The most recent Hamas attacks on Israeli civilians have shocked the civilized world. Terrorists went house to house hunting Jews, murdering them, kidnapping them, and setting houses on fire. Hamas massacred more than 100 Israelis at Kibbutz Be'eri alone. The total death toll, as of this writing, is more than 900 Israelis murdered.
It is impossible not to conclude that Oct. 7, 2023, was the darkest day in Israeli history. It marked the largest loss of Jewish life in one day since the Holocaust.
When Israel unilaterally withdrew from Gaza in 2005, the Palestinians could have chosen a peaceful route. Instead, Hamas, which has ruled Gaza since 2007, decided to turn the territory into a warren of terror tunnels, focusing more on the procurement and development of rockets than the needs of Gaza residents. Hamas, a genocidally antisemitic organization intent on Israel's destruction, is more interested in terrorizing Israel than it is in Gazans' welfare. In July of this year, thousands of dissatisfied Gazans took to the streets to protest Hamas's poor governance.
There is no possibility of peace between Israel and the Palestinians so long as Hamas remains in power.
Previous Israeli operations, launched in response to Hamas rocket fire, have consisted of aerial strikes in Gaza and short-lived ground assaults. After the horrific attacks of Oct. 7, this strategy of keeping terror at bay will no longer work. Israeli policy should follow the statement of Defense Minister Yoav Gallant: "This phenomenon will not continue. We will change reality on the ground in Gaza for the next 50 years. What was before will be no more.

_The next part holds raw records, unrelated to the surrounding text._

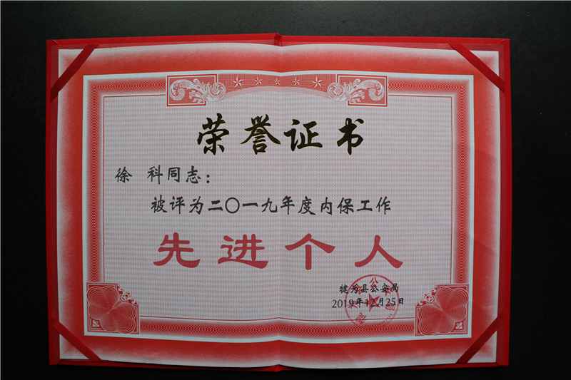 12月24日,犍为县公安局对2019年度单位内部治安保卫工作先进集体和个人进行表彰,华体会官方网页版,华体会(中国)单位榜上有名,被授予2019年度内保工作先进集体荣誉称号,保卫部徐科同志被评为2019年度内保工作先进个人。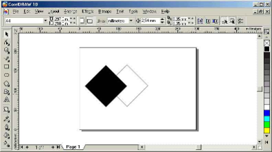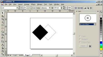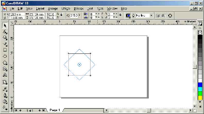 Вернем квадрат в исходное положение. (Меню «Edit» – «Undo».) Такой способ поворота подходит в том случае, когда не надо быть точными. Если надо сделать поворот на заданный угол, то можно воспользоваться иным способом. Выделяем объект и вносим значение угла поворота (45) в специальное поле в дополнительных инструментах.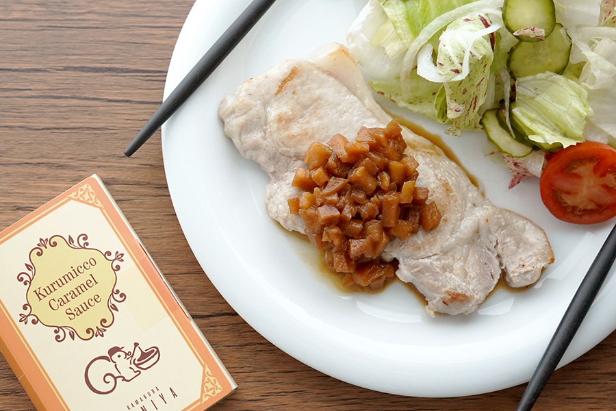 レモン汁、酒、醤油、キャラメルソースを加えて混ぜ、とろみがついたら火を止め、②にかけます。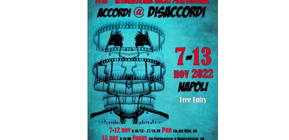 Dal 7 al 13 Novembre 2022 si terrà a Napoli la diciannovesima edizione di accordi @ DISACCORDI – Festival internazionale del cortometraggio diretta da Pietro Pizzimento e Fabio Gargano; festival organizzato dall’associazione Movies Event in collaborazione con il Comune di Napoli e con il contributo della Regione Campania tramite il fondo regionale per il cinema e l’audiovisivo.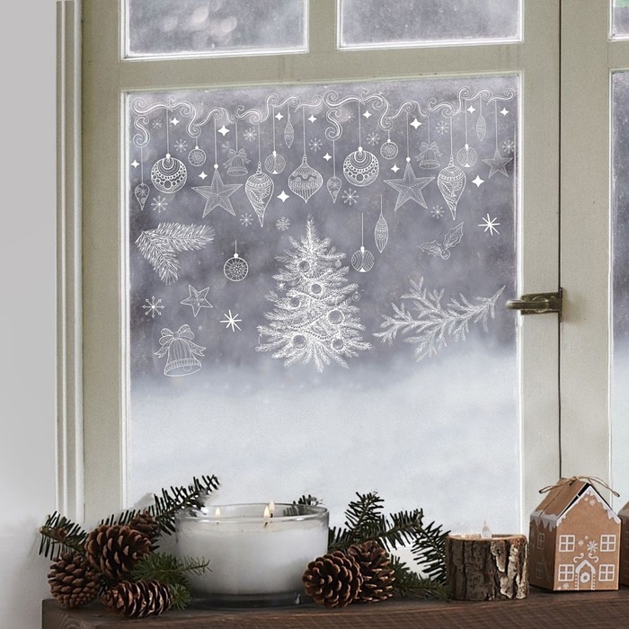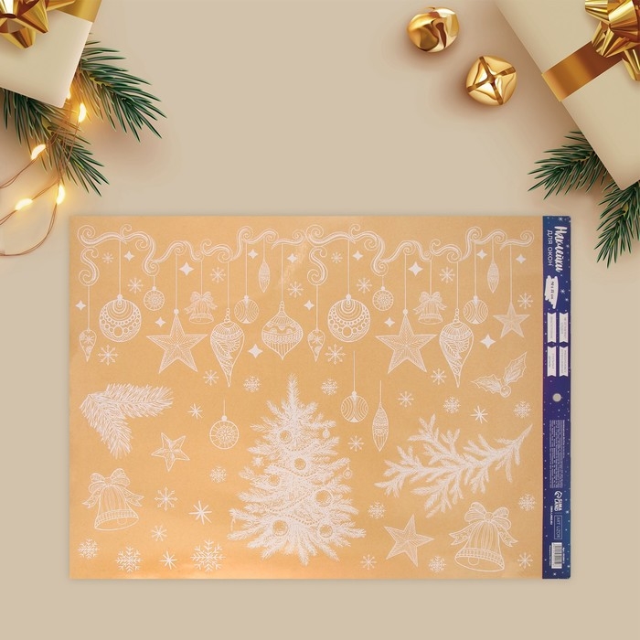 Наклейки новогодние на окна «Яркий праздник», многоразовые, 50 х 70 см, Новый год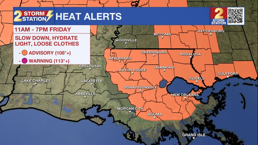 A HEAT ADVISORY IS IN EFFECT FROM 11 AM TO 7 PM FRIDAY. Heat Index values or feels-like temperatures over 107 are expected. Hot temperatures and high humidity may cause heat illnesses. Drink plenty of fluids, stay in an air-conditioned room, stay out of the sun, and check up on relatives and neighbors.

We will operate at full force."
It is imperative that Israel undertake a campaign to cripple Hamas's ability to wage war and its capacity to govern. The United States should support Israel in its efforts to extirpate Hamas and prevent efforts to impose premature ceasefires and other interventions that will inevitably crop up.
It must be emphasized that Hamas does not operate in a vacuum, nor do its funds appear from thin air. Hamas's rule is underwritten to a large extent by Qatar, the tiny, oil-rich sheikhdom in the Persian Gulf, among others. Beginning in 2018, Qatar delivered funds in cash to Gaza to the tune of $30 million a month. Per an arrangement reached in May 2021, after a conflict between Israel and Hamas, Qatar began to send fuel (valued at between $7-$10 million per month) to Gaza via Egypt, freeing funds for Hamas from the proceeds of resale.
These were used to pay Hamas government salaries as well as to aid poor Gazans, but it is likely that a significant majority wound up financing terrorist activities. Qatar also pledged $500 million to help rebuild Gaza.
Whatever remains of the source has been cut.